Prof Brugha is a retired emeritus professor of public health and epidemiology at the Royal College of Surgeons in Ireland (RCSI).

At the beginning of the pandemic, he was a prominent voice on Irish airwaves talking about Covid-19. He says he has been thinking a lot of what lessons can be drawn from Terence MacSwiney’s life that might be applicable to the current situation that the country finds itself in.

The circumstances of his death have overshadowed the work Terence MacSwiney did in his life to better the fortunes of others, he believes.

In the nine months he was mayor, he established a commission to implement a minimum wage in Cork, removed all public appointments from patronage, and initiated grant support for child welfare.

“He wasn’t looking to die.
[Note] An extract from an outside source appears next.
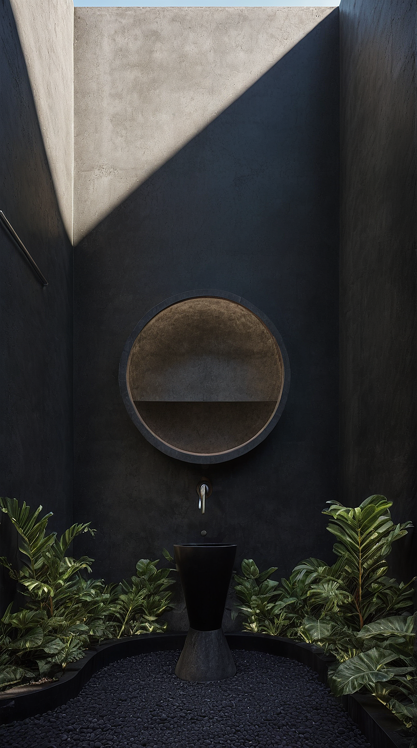 a detailed photo of a black concrete sink on an outdoor bathroom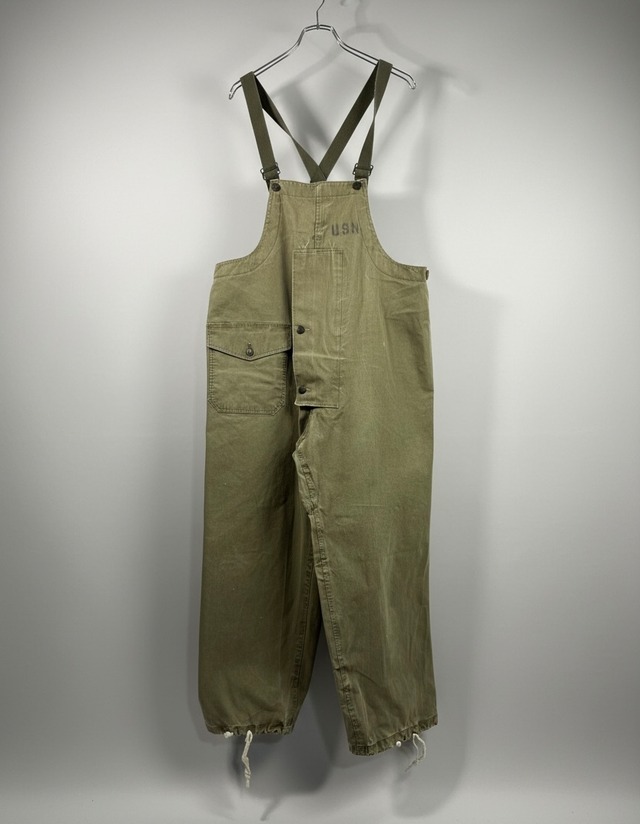 第二次世界大戦期、アメリカ海軍に防寒作業用として採用・支給されていたN-1デッキパンツ。 雨や雪、冷たい寒風に晒される過酷な甲板作業を想定し、実用性を最優先に設計された一本です。 屈指の人気を誇るN-1デッキジャケットの対となる存在で、ジャケット同様に欠かせない重要なピース。 表地には高密度コットンのジャングルクロスを使用し、防風性・耐久性ともに優れた当時最高峰クラスの素材を採用しています。 細畝のある生地感はしなやかで、動きやすさも考慮された設計です。 裏地は総裏ウールライニング仕様で保温性は抜群。 ステンシルも非常に雰囲気があり、 サスペンダー仕様や裾のドローコードなど、実用から生まれた無骨なディテールも魅力の一本です。 Condition - 裏地のウールライニングに穴あきが見受けられます。 また、裾部分には破れやダメージがあり、ドローコード周辺にも生地の劣化が確認できます。 表地全体に強い褪色、アタリ、小傷、汚れが見られる状態です。 なお、サスペンダー金具や各部フック、ボタン類は問題なく稼働しており、 着用や調整に支障はありません。 コンディションは決して良好とは言えませんが、実際に使用されてきた実物ならではの風合いや迫力を重視される方には、非常に魅力的な一着かと思います。 Size - Medium ウエスト 約110cm / 股下 約73cm / わたり幅 約36cm / 裾幅 約21cm *ウエストは胸当て下端部分を基準に、平置きで計測しております。 *多少の誤差はご了承下さい。

He was looking to make people’s lives better,” Prof Brugha said.

“None of us are going to be called to go on a hunger strike, none of us are being called to die for the people around us. He was willing as a patriot to put other people first. The only way we will control Covid-19 is if we get a high level of compliance doing the things we all need to do.

“Covid does call on us all to make sacrifices in the interests of others and I think that is the connection with Terence MacSwiney.”